(Data records)

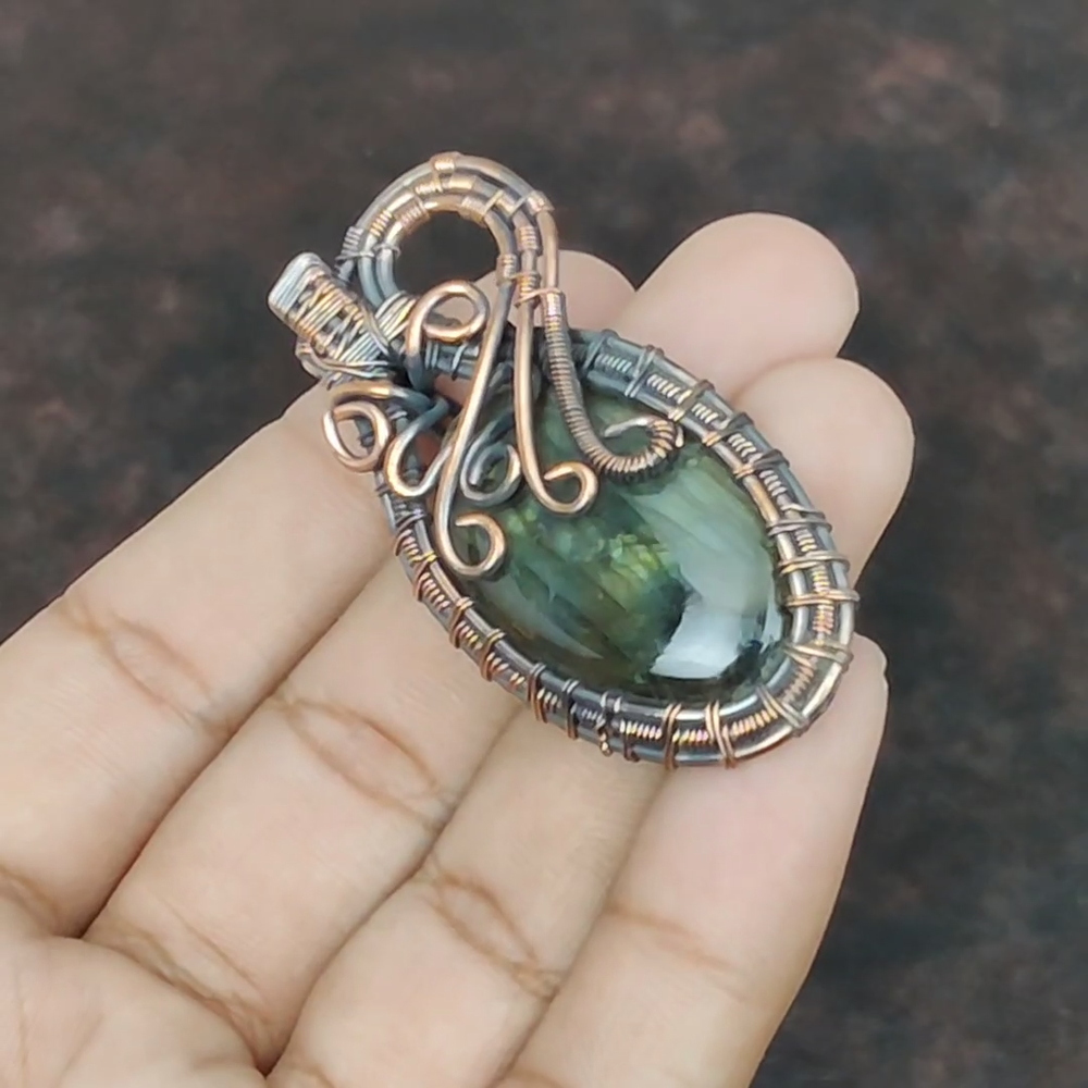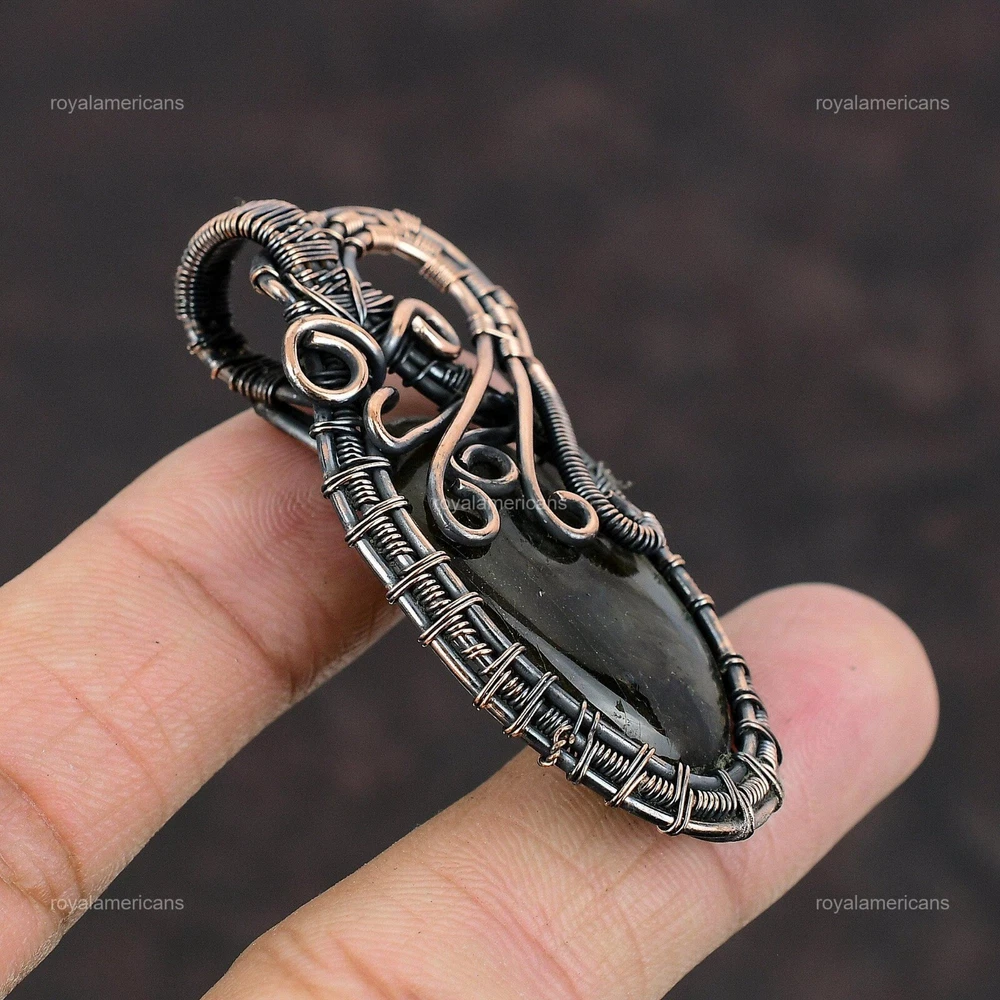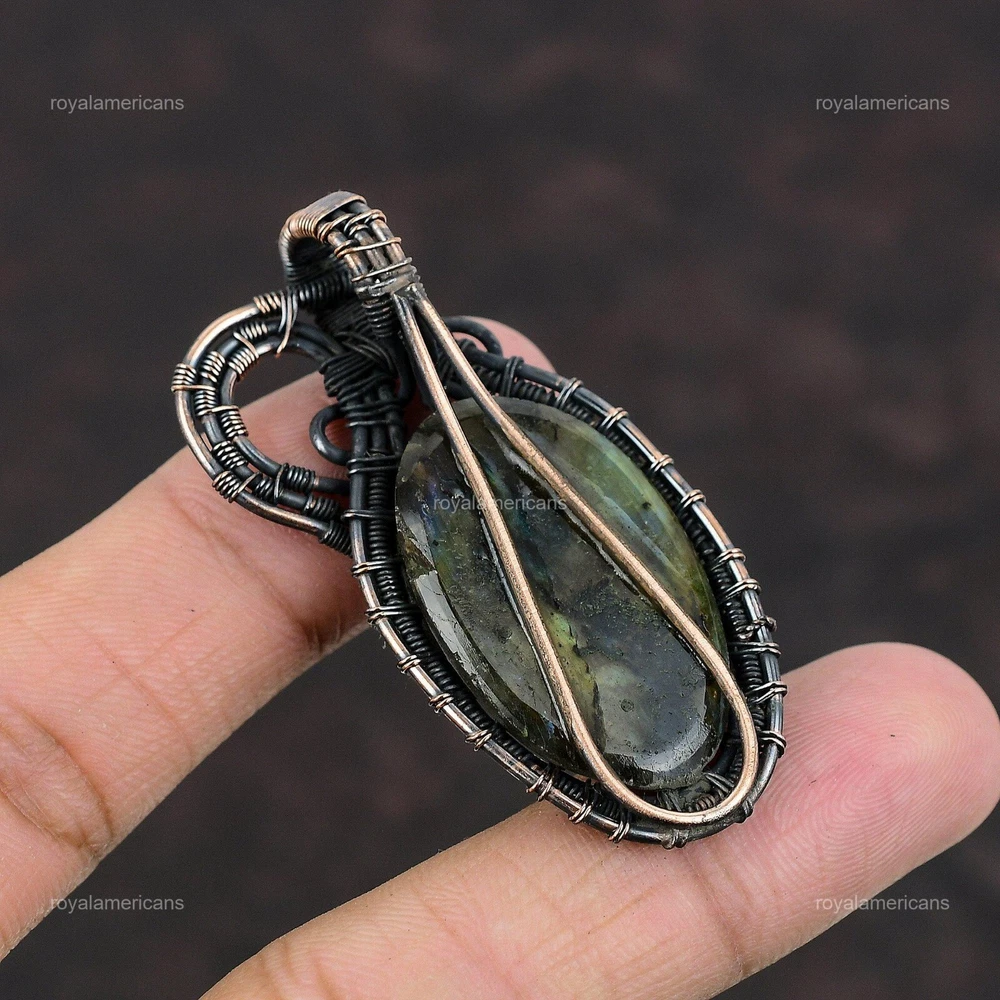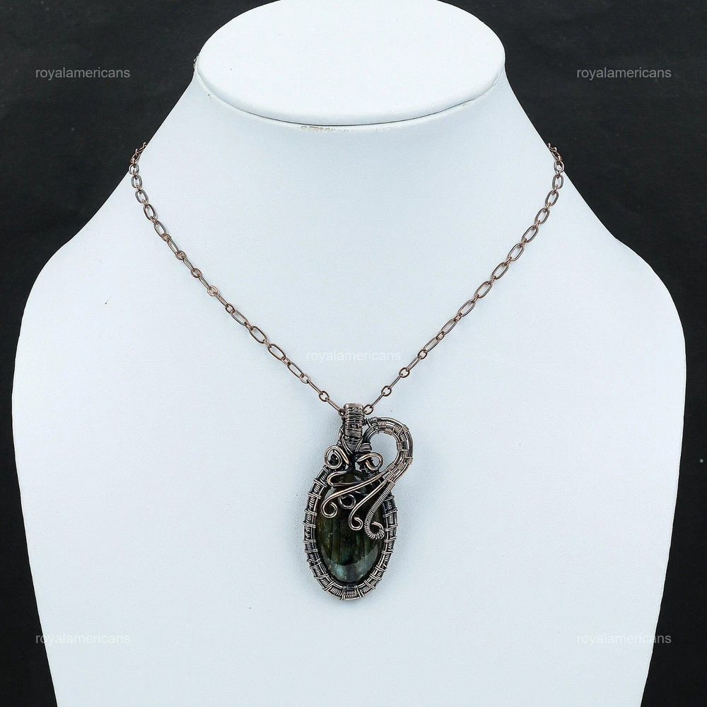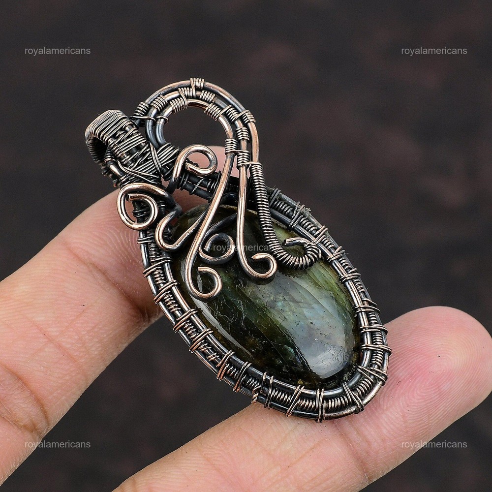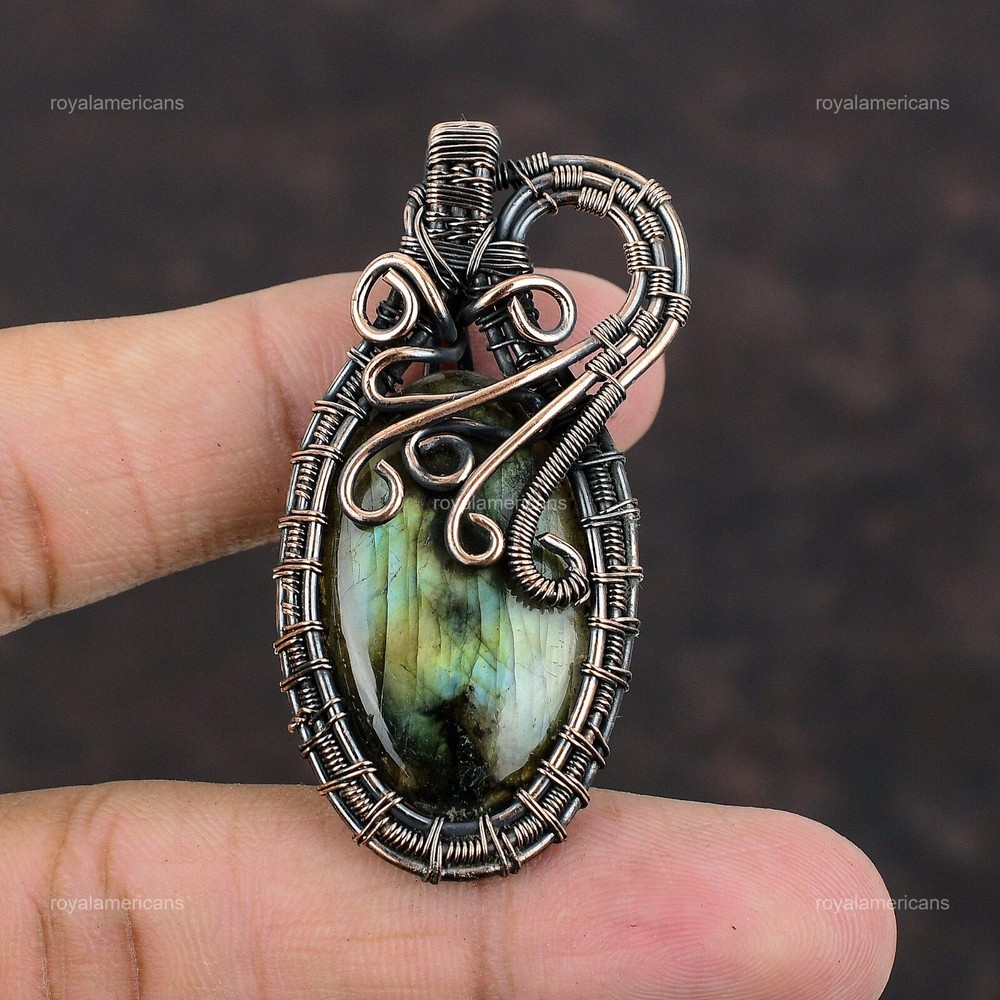 Note : Due to the natural formation of this gemstone. Slight variation in design and color are to be expected. Welcome to Royalamericans Mothers day Sale Oval Labradorite Stone Wife Artisan Engagement Pendant Copper Handmade Pendant, Wire Wrapped Pendant, Wire Wrapped Jewelry, Copper Pendant, Copper Wire Pendant, Wrapped Jewelry, Wire Wrap Pendant, Wire Wrap Jewelry SKU : UFWP-318 Gemstone : Labradorite Stone Shape : Oval Metal Purity : Unknown Copper Length : 59 Millimeters Width : 28 Millimeters Copper has been used for jewelry making for thousands of years, dating back to ancient civilizations such as the Egyptians, Romans, and Aztecs. Copper was valued for its beauty, versatility, and durability, and was often used to make everything from jewelry and coins to cookware and tools. In addition to its historical significance, copper jewelry also offers several benefits. Copper is a natural conductor of heat and electricity, which makes it ideal for energy healing and therapeutic purposes. Wearing copper jewelry is believed to have various health benefits, such as improving circulation, reducing inflammation, and boosting the immune system. Some people also believe that copper jewelry has the ability to balance energy and improve mood. For Mother's Day Gift For Father's Day Gift For Promise For Valentine's Day For Halloween Party For Christmas Day Gift For New Year Party For Mom For Her If you can't find the information you need or need some advice for your design? Feel free to contact us. We are fast to reply :) All our work is made by hand with Love and Care in our workshop Thank you so much for visiting and hope you enjoy shopping with us Royalamericans is committed to delivering the best quality sterling silver jewelry to customers. As a handmade jewelry manufacturer, we offer an extensive selection of copper gemstone jewelry that showcases the brilliance of our craftsmanship. We are an experienced handmade jewelry supplier with expertise in embellishing gemstones to suit every style. We offer you the liberty to create your jewelry ensemble with sparkling, earthy, and pure gemstones. Our Talented artisans masterfully handcraft each piece of jewelry you see here. Our pieces are made with genuine gemstones.
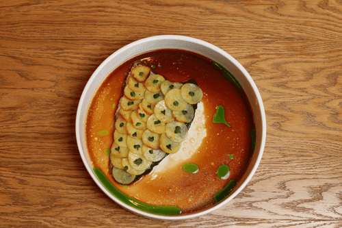 Send everything to the oven preheated to 180 degrees for 25 minutes. When serving, drizzle with sauce and add green oil. Garnish the fish with herbs.
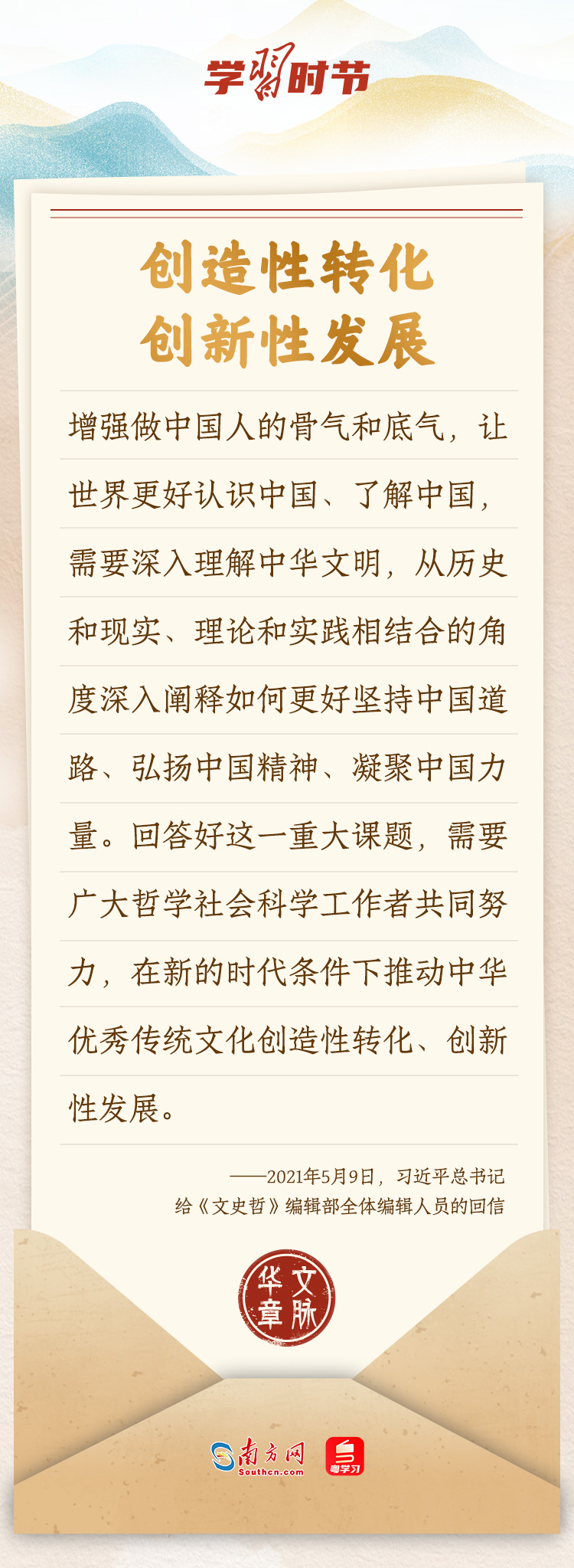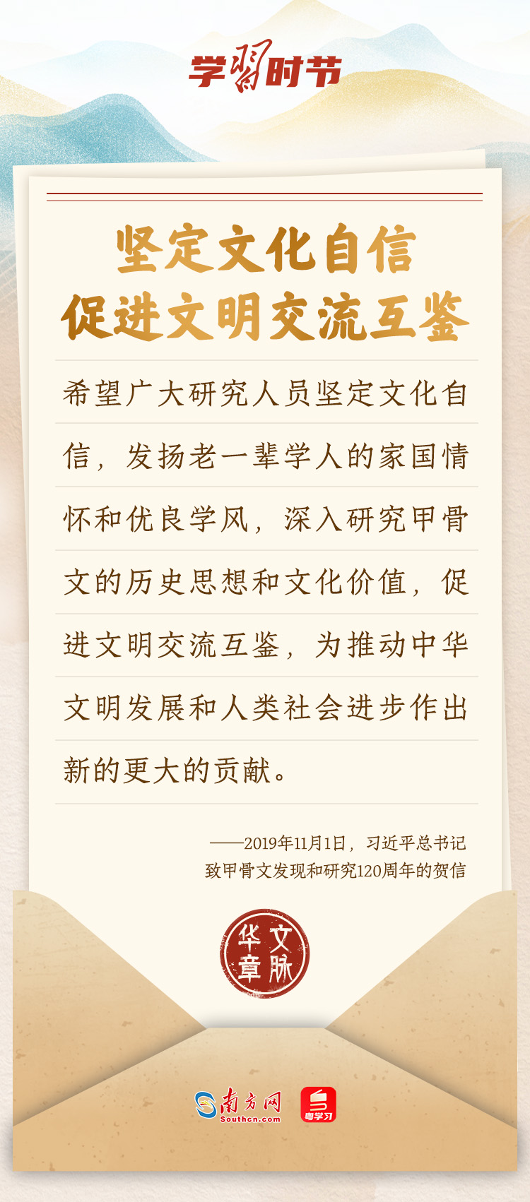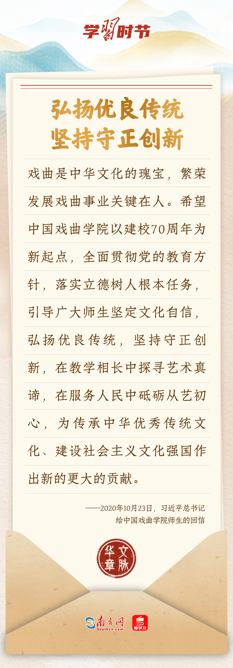 “中華民族在幾千年歷史中創(chuàng)造和延續(xù)的中華優(yōu)秀傳統(tǒng)文化,是中華民族的根和魂。”習(xí)近平總書記多次通過發(fā)賀信、寫回信等方式,表達(dá)著對弘揚中華優(yōu)秀傳統(tǒng)文化的殷切希望,飽含深情、字字暖心、催人奮進(jìn)。讓我們一起“讀”信。
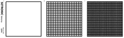 Der TESTFILTER STF4 besteht aus einem Polyethylen- Trägermaterial auf dem drei Bereiche mit unterschiedlichen Dämpfungseigenschaften definiert sind, sie werden mit A, B und C bezeichnet. Mit dem Filter können die Meßgrößen Rauch und Feuer simuliert sowie grob die korrekte Ausrichtung der SETRONIC- Melder überprüft werden.
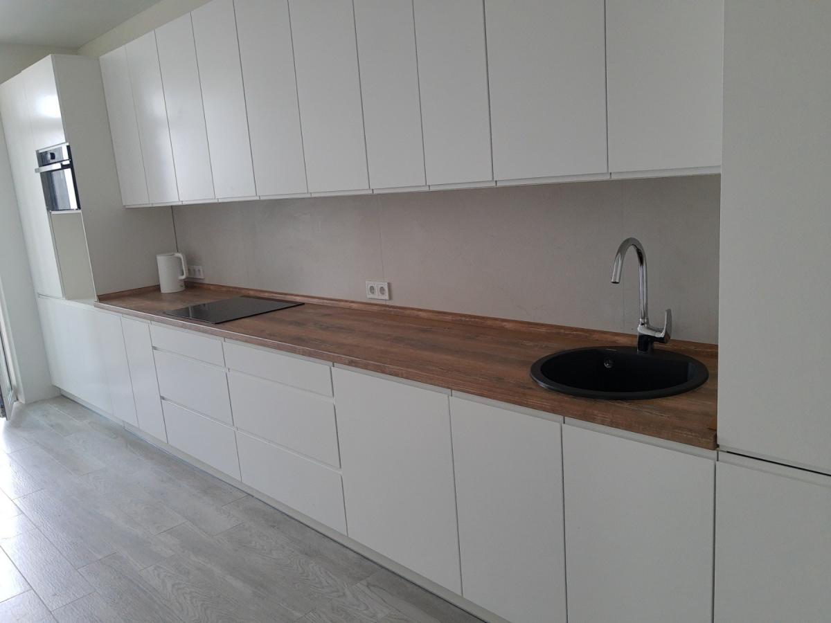 Корпус кухні виготовлено з ламінованого ДСП товщиною 16мм (виробник Swisspan), торці поклеєні кромкою ПВХ товщиною 0,6мм (виробник REHAU Германія). Стільниці 28 та 38мм неводостійкі, виробництва Krono Україна.У нас також можете змінити стільницю та фурнітуру на європейську (Egger, Lux Form, Blum, Heffele), змінити колір фасадів, розміри стандартних моділів, а також ми допоможемо коректно розмістити їх, взявши за основу Ваші побажання.
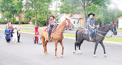 Nicholas and Alexander Harper lead the way during the Junior Fair Parade July 17.

### PROBLEM
Transcribe each entry exactly, pictures excluded.

### SOLUTION
 Note : Due to the natural formation of this gemstone. Slight variation in design and color are to be expected. Welcome to Royalamericans Mothers day Sale Oval Labradorite Stone Wife Artisan Engagement Pendant Copper Handmade Pendant, Wire Wrapped Pendant, Wire Wrapped Jewelry, Copper Pendant, Copper Wire Pendant, Wrapped Jewelry, Wire Wrap Pendant, Wire Wrap Jewelry SKU : UFWP-318 Gemstone : Labradorite Stone Shape : Oval Metal Purity : Unknown Copper Length : 59 Millimeters Width : 28 Millimeters Copper has been used for jewelry making for thousands of years, dating back to ancient civilizations such as the Egyptians, Romans, and Aztecs. Copper was valued for its beauty, versatility, and durability, and was often used to make everything from jewelry and coins to cookware and tools. In addition to its historical significance, copper jewelry also offers several benefits. Copper is a natural conductor of heat and electricity, which makes it ideal for energy healing and therapeutic purposes. Wearing copper jewelry is believed to have various health benefits, such as improving circulation, reducing inflammation, and boosting the immune system. Some people also believe that copper jewelry has the ability to balance energy and improve mood. For Mother's Day Gift For Father's Day Gift For Promise For Valentine's Day For Halloween Party For Christmas Day Gift For New Year Party For Mom For Her If you can't find the information you need or need some advice for your design? Feel free to contact us. We are fast to reply :) All our work is made by hand with Love and Care in our workshop Thank you so much for visiting and hope you enjoy shopping with us Royalamericans is committed to delivering the best quality sterling silver jewelry to customers. As a handmade jewelry manufacturer, we offer an extensive selection of copper gemstone jewelry that showcases the brilliance of our craftsmanship. We are an experienced handmade jewelry supplier with expertise in embellishing gemstones to suit every style. We offer you the liberty to create your jewelry ensemble with sparkling, earthy, and pure gemstones. Our Talented artisans masterfully handcraft each piece of jewelry you see here. Our pieces are made with genuine gemstones.
 Send everything to the oven preheated to 180 degrees for 25 minutes. When serving, drizzle with sauce and add green oil. Garnish the fish with herbs.
 “中華民族在幾千年歷史中創(chuàng)造和延續(xù)的中華優(yōu)秀傳統(tǒng)文化,是中華民族的根和魂。”習(xí)近平總書記多次通過發(fā)賀信、寫回信等方式,表達(dá)著對弘揚中華優(yōu)秀傳統(tǒng)文化的殷切希望,飽含深情、字字暖心、催人奮進(jìn)。讓我們一起“讀”信。
 Der TESTFILTER STF4 besteht aus einem Polyethylen- Trägermaterial auf dem drei Bereiche mit unterschiedlichen Dämpfungseigenschaften definiert sind, sie werden mit A, B und C bezeichnet. Mit dem Filter können die Meßgrößen Rauch und Feuer simuliert sowie grob die korrekte Ausrichtung der SETRONIC- Melder überprüft werden.
 Корпус кухні виготовлено з ламінованого ДСП товщиною 16мм (виробник Swisspan), торці поклеєні кромкою ПВХ товщиною 0,6мм (виробник REHAU Германія). Стільниці 28 та 38мм неводостійкі, виробництва Krono Україна.У нас також можете змінити стільницю та фурнітуру на європейську (Egger, Lux Form, Blum, Heffele), змінити колір фасадів, розміри стандартних моділів, а також ми допоможемо коректно розмістити їх, взявши за основу Ваші побажання.
 Nicholas and Alexander Harper lead the way during the Junior Fair Parade July 17.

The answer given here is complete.